Они уселись за стол. И начался хоровод тарелок, которые Изабель старалась как можно быстрее менять, так как считала совместное пребывание за обеденным столом нелепой привычкой, когда надо было набивать рот какими-то продуктами, затем разжевывать и глотать бесформенную и потерявшую всякий вкус массу. Говорить за едой почти невозможно, а руки постоянно заняты. Если внимательно приглядеться к сидящим напротив людям, то можно заметить, что у них частенько прилипает к губам петрушка или рот вымазан маслом, которое они забывают порой промокнуть салфеткой. И вот подобное действие настолько полюбилось людям, что превратилось в некий изо дня в день повторявшийся ритуал, символизировавший семейную жизнь, или же — что еще хуже — в пышную церемонию с соблюдением табеля о рангах, в то время как здравый смысл подсказывает, что человеку лучше было бы удовлетворять свои потребности в еде подальше от посторонних глаз.
Она вспомнила, как в детстве ее необычайным образом раздражали совместные приемы пищи, которые ей хотелось назвать проявлением бесстыдства со стороны матери.
— Дорогая, ты не хочешь гузку? На, съешь.

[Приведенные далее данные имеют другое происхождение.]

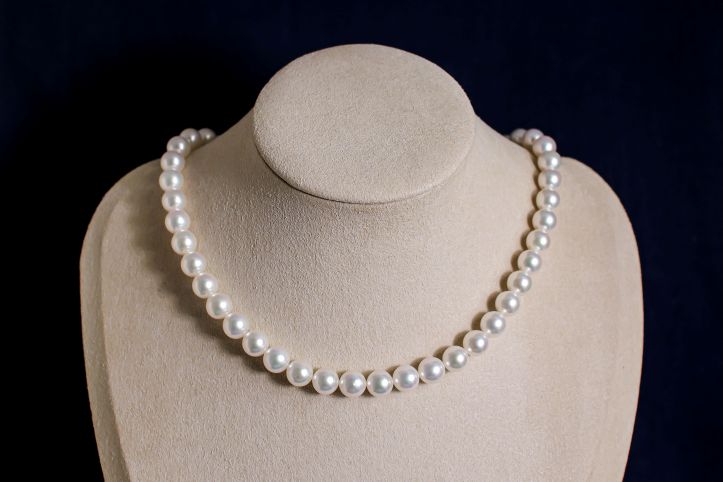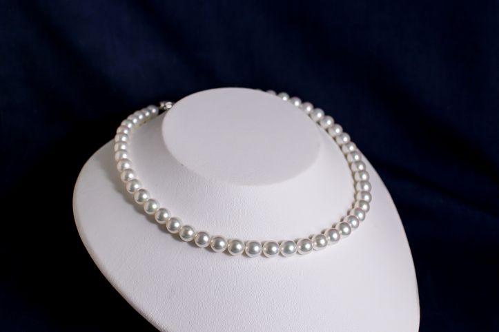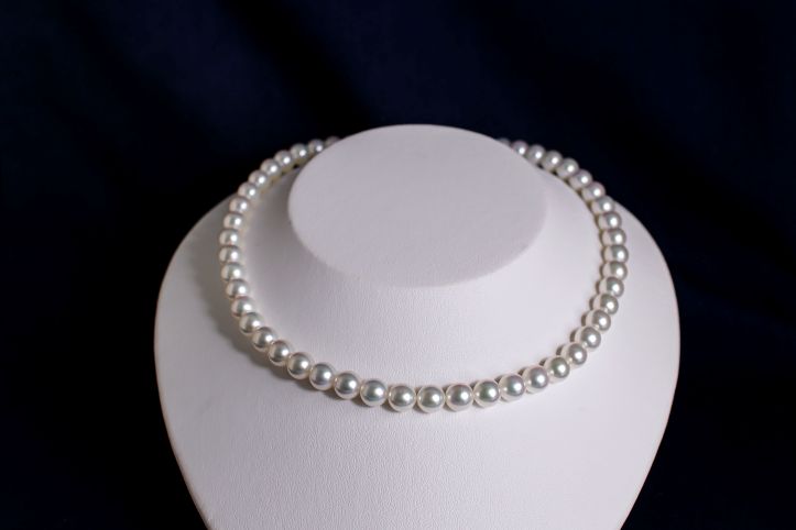 珠ひとつひとつの印象も整っており、ネックレスとして並んだときのまとまりの良さが魅力です。真珠は同じ「白」に見えても、揃い方ひとつで全体の上質感が大きく変わります。こちらはその点でも安心感があり、きちんとした席に迷わず選べる仕上がり。さらに、目立ったキズもほとんど見られず、クオリティの高さは手にした瞬間に伝わります。「生涯身につけられる真珠を選びたい」という方に、自信を持っておすすめできます。

И перед ее носом тут же появлялась лоснившаяся жиром облизанная матерью вилка, на кончике которой дрожал какой-то бесформенный кусок. И окончательно ее доконали бесконечные материнские возгласы: «Ну, скорее попробуй». Однако больше всего ей претила бесконечная болтовня матери. «Сегодня утром мне встретилась мадам Дерира. Она могла бы с тобой заниматься упражнениями у балетного станка каждый вечер с шести часов». «Бедная мамочка! Когда она нарезала салат, мне порой казалось, что она похожа на козу, настолько ее губы были поджаты, но это не мешало ей заботиться о том, чтобы я научилась широко раздвигать ноги. И эта коза, дававшая советы, как держать под прямым углом коленки, напоминала Алису в Стране чудес».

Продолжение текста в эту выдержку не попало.